Lori Benton, author of "The Pursuit of Tamsen Littlejohn" and "Burning Sky" answers 10 questions about her favorite time period in history, her favorite figures from history, and the age old question of coffee or tea.
1. If you could go back in time and be any figure from history, who would it be?
The list of historical figures I’d like to have known is long, but to actually be one? I can’t honestly say I’d like to have been anyone from history. I’d much rather be alive now, writing about them. How about being someone for a week and a day? For that amount of time I wouldn’t mind being Sacajawea, during the Lewis & Clark expedition to the Pacific.
2. What year in history would you have liked to live in?
I love the perspective we have looking back on history, the challenge of trying to understand different times, putting myself in the shoes of those who walked them—and slipping out of them too. But for the sake of discussion… 1787, as the United States was being defined and crafted.
3. You're having a dinner party and you can invite 5 people from history, who would they be?
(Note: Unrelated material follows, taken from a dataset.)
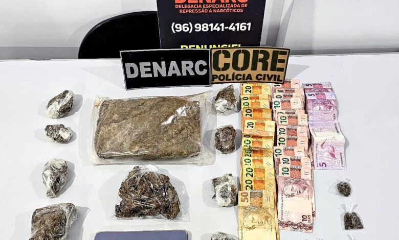 “Durante as diligências, foi possível identificar diversos usuários na residência do acusado. Porções de maconha, dinheiro e uma balança de precisão foram apreendidas. O suspeito resistiu ativamente à abordagem, mas foi contido e preso em flagrante. Dois usuários de drogas também foram conduzidos à DENARC, onde confirmaram que estavam no local para comprar entorpecentes”, informou o delegado.

Benjamin Franklin, Sir William Johnson, Abigail Adams, George Rogers Clark, and his younger brother William Clark. They each experienced and influenced critical periods of the 18th and early 19th century. And I’d like to think they’d get along over supper, though throwing loyalist William Johnson into this patriotic mix could prove interesting.
4. What historical home on the American frontier would you like to live in?
Sir William Johnson’s home, Johnson Hall, built north of the Mohawk River in New York, 1763.
5. Two fellow historical fiction authors you'd like to go on a history themed tour of the world with?
James Alexander Thom and Liz Curtis Higgs.
6. Who was more dashing and interesting, Thomas Jefferson or George Washington?
I admire them both, yet scratch my head over aspects of their characters, as best we know them. But I’m more intrigued by the seeming contradiction that was Thomas Jefferson. I’d like to know the man.
7. Which if the first six First Ladies do you most admire?
Abigail Adams, probably because I know more about her than any other of the First Ladies. Love her letters to her husband.
8. Royal Colonies or United States?
There’s so much interesting history on both sides of the Revolutionary War, but I find the early decades of statehood a fascinating period in history, for all the accomplishments and tragedies it birthed.
9. What three novels could you read over and over?
"The Summer of the Danes" by Ellis Peters; "To Say Nothing of the Dog", or "How We Found The Bishop’s Bird Stump At Last" by Connie Willis; "The Red Heart" by James Alexander Thom.
10. Tea or coffee when writing?
Coffee, but only half-strength, and only two cups a day. Any more and I’m asking for trouble!